START TASK DATA

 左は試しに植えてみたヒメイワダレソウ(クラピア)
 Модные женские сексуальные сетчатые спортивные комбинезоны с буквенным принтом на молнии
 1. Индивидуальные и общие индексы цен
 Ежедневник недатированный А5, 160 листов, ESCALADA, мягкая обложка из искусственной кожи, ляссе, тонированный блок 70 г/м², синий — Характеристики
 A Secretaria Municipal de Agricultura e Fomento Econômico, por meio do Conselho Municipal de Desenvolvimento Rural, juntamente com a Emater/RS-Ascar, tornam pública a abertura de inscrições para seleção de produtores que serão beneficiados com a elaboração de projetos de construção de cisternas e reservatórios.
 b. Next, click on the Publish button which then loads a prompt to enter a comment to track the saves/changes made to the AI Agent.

END TASK DATA
START TASK DATA

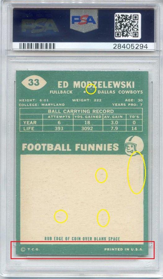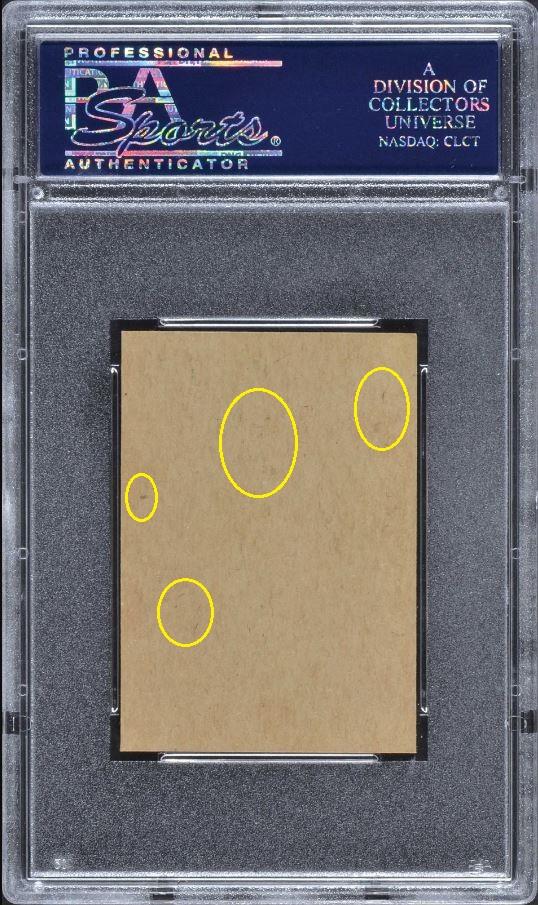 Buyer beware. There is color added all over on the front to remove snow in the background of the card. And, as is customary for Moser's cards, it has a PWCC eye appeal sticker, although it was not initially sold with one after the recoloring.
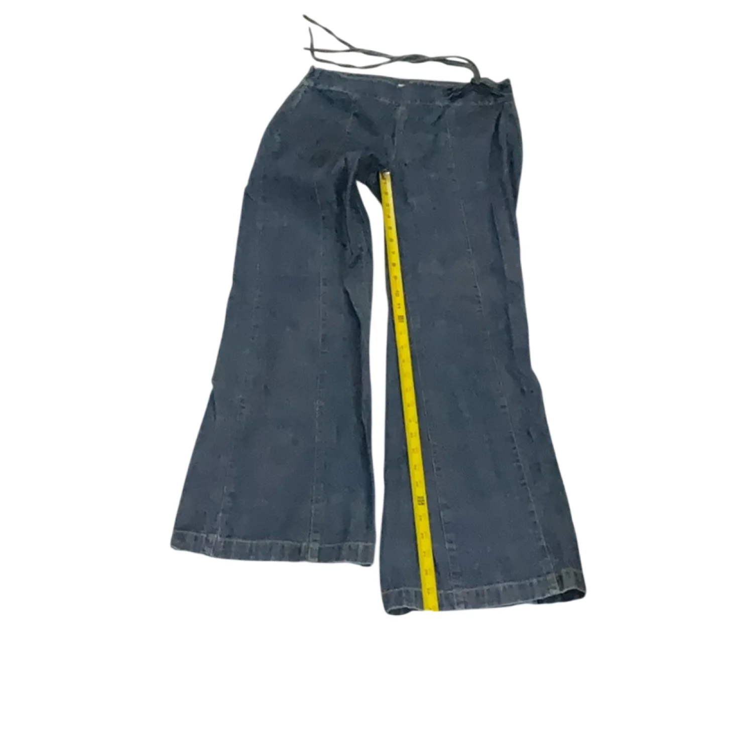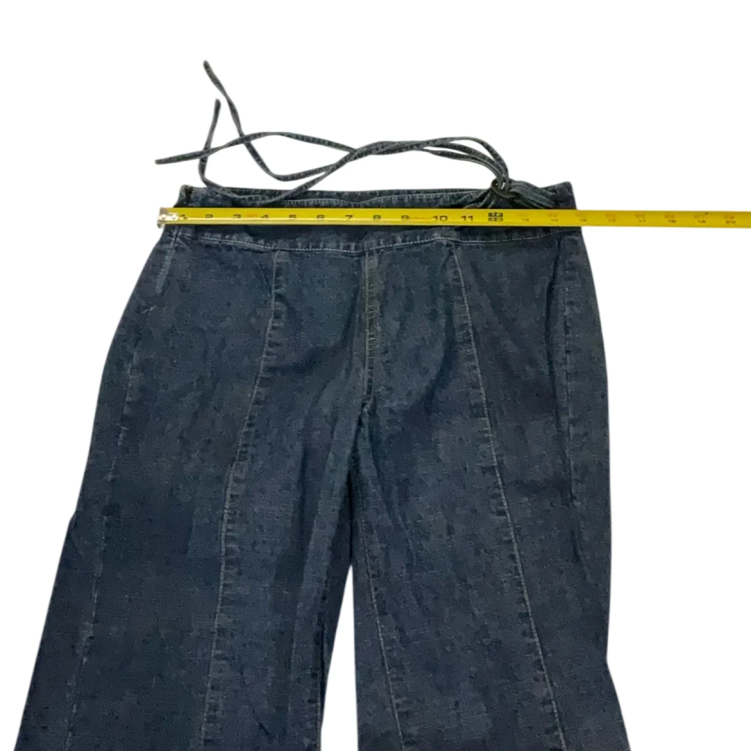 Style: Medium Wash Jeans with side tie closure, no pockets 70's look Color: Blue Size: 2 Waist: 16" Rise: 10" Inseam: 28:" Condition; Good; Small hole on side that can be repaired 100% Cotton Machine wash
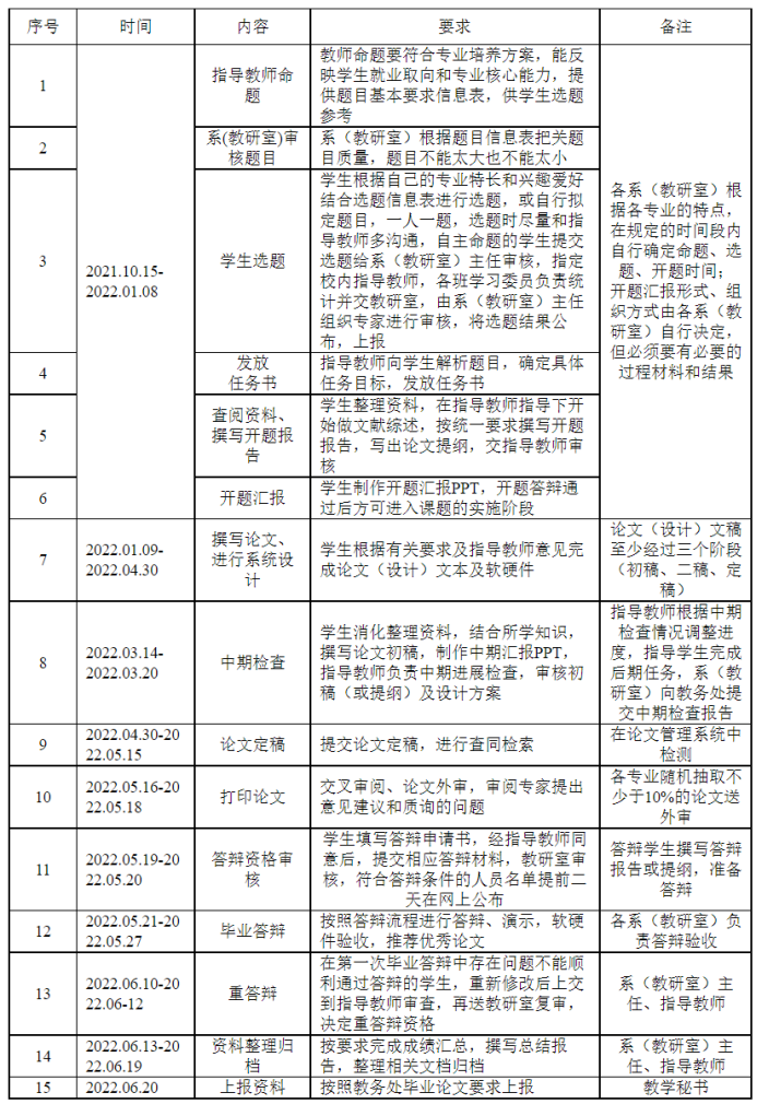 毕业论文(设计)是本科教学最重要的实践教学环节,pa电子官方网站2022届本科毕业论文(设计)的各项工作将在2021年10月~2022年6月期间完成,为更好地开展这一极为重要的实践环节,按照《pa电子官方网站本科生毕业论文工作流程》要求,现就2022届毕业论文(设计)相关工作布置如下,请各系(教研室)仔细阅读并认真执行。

END TASK DATA

Retype only the lines above from the one with "Buyer beware. There" through the one with "毕业论文(设计)是本科教学最", exactly and with both ends. Images stay out.

→ **PROBLEM SOLUTION**:
 Buyer beware. There is color added all over on the front to remove snow in the background of the card. And, as is customary for Moser's cards, it has a PWCC eye appeal sticker, although it was not initially sold with one after the recoloring.
 Style: Medium Wash Jeans with side tie closure, no pockets 70's look Color: Blue Size: 2 Waist: 16" Rise: 10" Inseam: 28:" Condition; Good; Small hole on side that can be repaired 100% Cotton Machine wash
 毕业论文(设计)是本科教学最重要的实践教学环节,pa电子官方网站2022届本科毕业论文(设计)的各项工作将在2021年10月~2022年6月期间完成,为更好地开展这一极为重要的实践环节,按照《pa电子官方网站本科生毕业论文工作流程》要求,现就2022届毕业论文(设计)相关工作布置如下,请各系(教研室)仔细阅读并认真执行。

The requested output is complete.